Tables are configured correctly. It works with Mysql version 5.0.26-r1. Only r2 is unusable with php. I think it's a problem with libmysqlclient.
Ok, that's really weird. I checked 5.0.26-r1, and found that there are no changes in our patches between -r1 as of the revision immediately before it was deleted compared to -r2. # for i in mysql-5.0.26-r1.ebuild mysql-5.0.26-r2.ebuild ; do ebuild $i unpack 1>/dev/null ; done ; diff -Nuar /var/tmp/portage/dev-db/mysql-5.0.26-r1/work/mysql /var/tmp/portage/dev-db/mysql-5.0.26-r2/work/mysql (no output, so they are identical) # vivo: what did you do?
That's really really weird. Can i give you more information on this?
please find exactly which revision of dev-db/mysql-5.0.26-r1 you were using. look for the ebuild under /var/db/pkg, and check it's header.

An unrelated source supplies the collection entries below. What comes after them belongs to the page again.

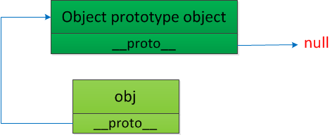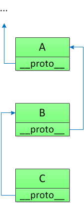 上图中,A,B,C分别代表3个对象,蓝色箭头串接起来的所有对象就构成了对象C的原型链,其中C的_proto__属性指向B,B的 __proto__属性指向A,A的__proto__属性可能指向更高层的对象,也可能指向 null(表示A不继承任何对象的属性和方法)。
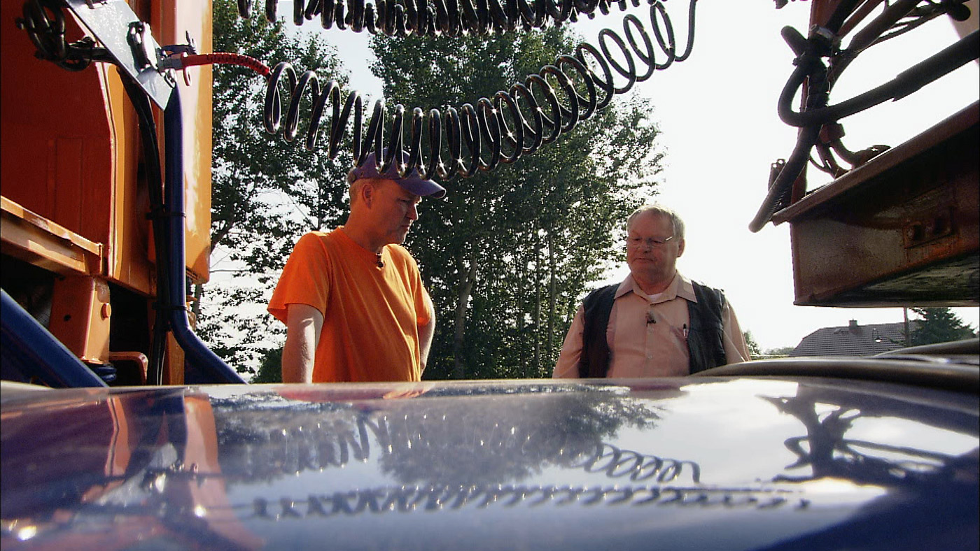 Größenvergleich eines heutigen Speditionsfahrzeuges mit einem Oldtimer aus den 80er Jahren
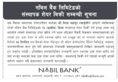 काठमाडौं । नबिल बैंकले संस्थापक शेयर विक्री गर्ने भएको छ । कम्पनीले २६ कित्ता संस्थापक शेयर विक्री गर्न लागेको जनाएको छ ।
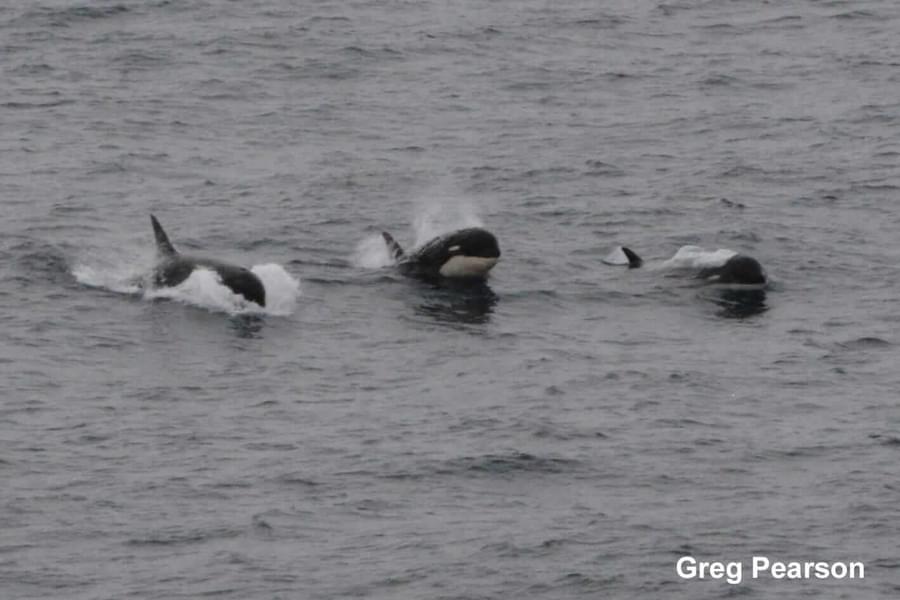 There are dramatic differences in the physical appearance of the Sub-Antarctic Type D killer whales compared to the other ecotypes (7). The eye patch is tiny and is the smallest of any killer whale ecotype. The forehead is very bulbous, and in some cases their head shape almost resembles that of a pilot whale (Globicephala spp) (8). Another visible difference is the shape of the male’s dorsal fin. Other ecotypes have a straight, pointed shape whereas this ecotype has a swept back appearance. There have been no reports of Type D killer whales having the yellow/brown tint seen in some of the other Antarctic ecotypes (7). It is thought that Type D killer whales feed on fish such as Patagonian toothfish (Dissostichus eleginoides) as they have been seen interacting with toothfish long-liners, but not much else is known about their diet (8,9). Once again, this ecotype has a preference for offshore waters of the Southern Ocean, and studying them is very challenging. There have only been a handful of sightings, however guests on Albatros’ Ocean Victory were lucky enough to sight them in November 2023 (see image taken by Greg Pearson). It was a mass stranding event in New Zealand enabled researchers to identify these killer whales as a distinct ecotype. A recent genetic study found that Type D killer whales are one of the most inbred mammals ever recorded, and it appears that they do not breed with other killer whale ecotypes which could provide evidence for classifying them as a different species sometime in the future. (8) However, in common with most killer whales, Type D’s are so rarely sighted, much of their behaviour remains a total mystery!

I suspect the problem can be in either one of this two places: - 105_all_mysql_config_cleanup.patch this patch modify the behaviour of "mysql_config" executable, used by php and much others to gather information on how to link against libmysql, has been introduced 2007-01-04/05 - php must use /etc/mysql/my.cnf, check with an strace (cli version is easier) that it read that config file also check the obvious, my.cnf
> - 105_all_mysql_config_cleanup.patch > this patch modify the behaviour of "mysql_config" executable, used by php reference bug #156301 "mysql_config wrongly retains too much info from CFLAGS"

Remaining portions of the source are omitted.